Joseph: As I noted in your last question, my positions at Damballa, Cybraics, McAfee, etc. gave me a ringside seat to watch how companies and governments tried first to keep the bad guys out and then how to find them and stop them as quickly as possible. And while, given enough resources and enough disruption to business processes, it’s hypothetically possible for threat prevention and mitigation strategies to work, they virtually always failed on a practical level. The threat actors can attempt a penetration thousands of times, and in order to successfully abscond with the data they’re after, they only have to succeed once. The security teams, in order to prevent the breach, have to be literally perfect, forever, while often it’s hard to tell if they’re even under a directed attack. With this obvious imbalance in power, it’s pretty clear why breaches are now being considered virtually inevitable at even the most security-conscious organizations.
Of course, if you could just lock the data itself down to where it couldn’t be accessed except by very specific people or applications, and even when accessed by authorized groups the data was limited in how much could be retrieved, and it could even be set to self-destruct after a limited amount of time… then you’d have made the classes of attack that are used by virtually all of the attackers and which succeed every day useless. That’s a massive, earth shaking change from how organizations attempt to protect themselves today.
Christy: Where is your attention focused right now? What are you most looking forward to delivering or changing over the next 6-12 months?
Joseph: Ionic has done a great job of making a powerful and flexible solution that works well in the most sophisticated organizations. What I’m focusing on over the next 6-12 months is making the Ionic solution more accessible to other organizations so that everyone can easily get the value that we provide. This will include making it easier to get started on the platform in the first place, simplifying the user experience, and pre-packaging use cases that can be deployed almost instantly.
Christy: The first time we sat down to chat, I remember that we discussed tin foil hats in some detail. Can you tell us a little about that?

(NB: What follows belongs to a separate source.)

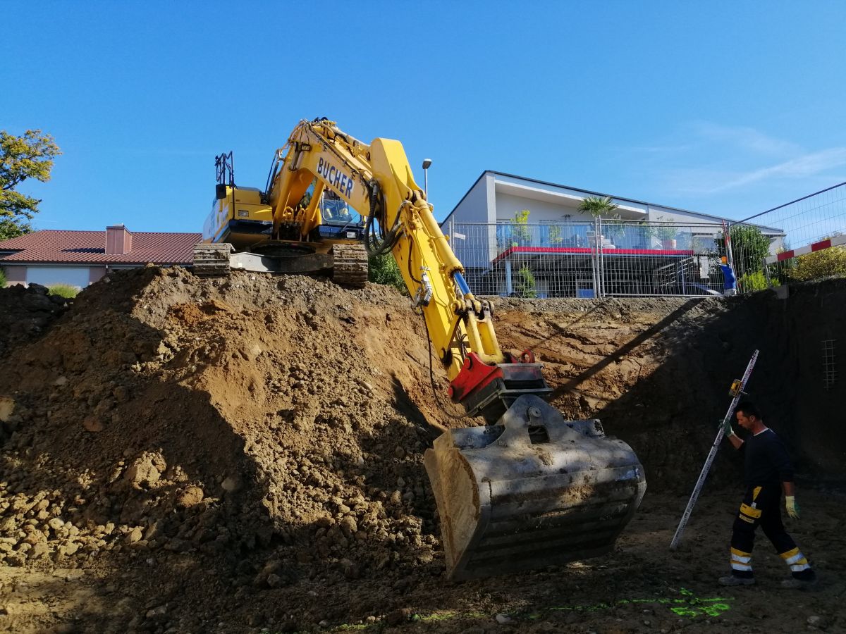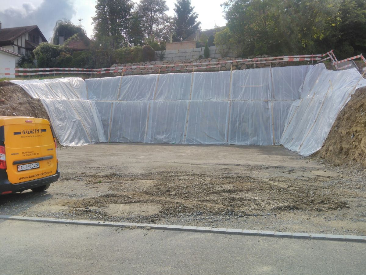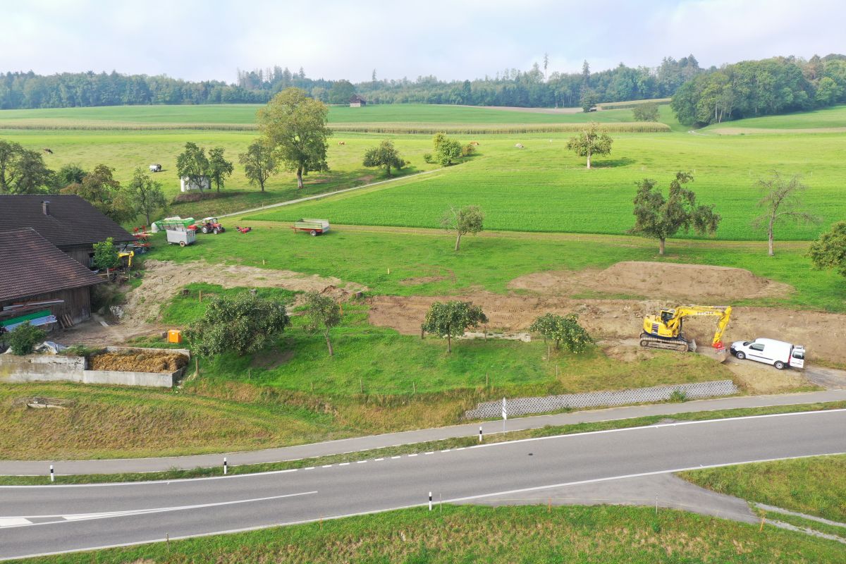 Mit unserem vielseitigen Maschinenpark führen wir Baugrubenaushubarbeiten in verschiedensten Grössen aus.

Joseph: From at least third grade where my group of friends communicated for an entire year using codes, ciphers, and artificial languages we created, I’ve had a stronger-than-is-probably-healthy stance on privacy and security. (I also received a good lesson about trust and Op-Sec when one of my teachers paid my younger brother $10 to “borrow” and photocopy one of my codebooks.) This has some pretty obvious correlations to my career, but even before I was out of college, I was running and maintaining my own network and communications infrastructure because I saw it as a matter of principle that other people (including unknown sysadmins) shouldn’t have access to my unencrypted personal correspondence and data.
Christy: How has this translated to your own personal network and services setup?

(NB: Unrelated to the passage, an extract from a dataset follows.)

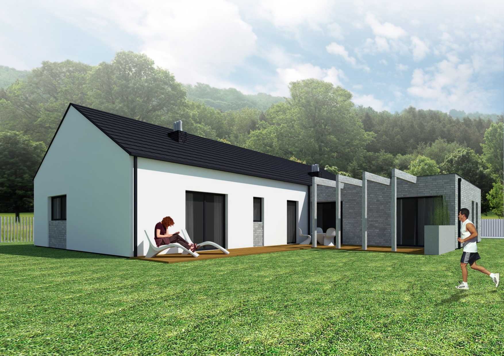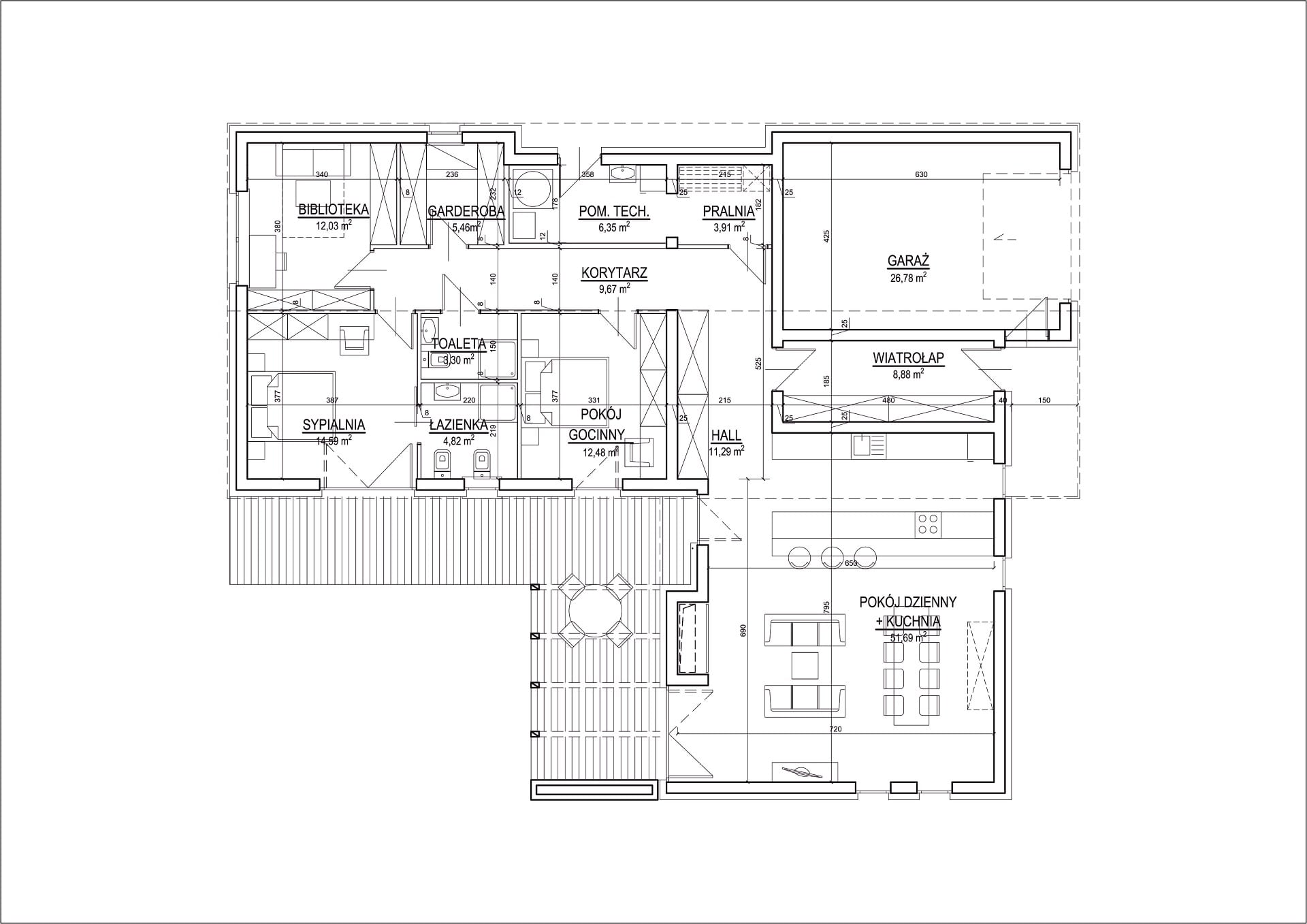 Budynek jest parterowy, na planie litery L – pozwoliło to na wykształcenie prywatnego, ukrytego tarasu użytkowego, dostępnego z wszystkich pomieszczeń mieszkalnych, w którym sam kształt budynku ogranicza nadmierne nasłonecznienie.

Joseph: Jumping ahead to today, I’m currently running my own infrastructure including email, web servers, firewall, IPS, DNS, file hosting, NAS, directory services, internal wiki, database cluster, code repository, and packaging systems. They’re fully HA-replicated across two different sites, one at my residence, and the other of which may or may not be located in an undisclosed location in the North Georgia mountains. All of the software I’ve used is either open source or self-created (barring the ethernet switches and Ubiquiti access points), and of course I keep it all patched and up-to-date with a mostly-automated ansible playbook.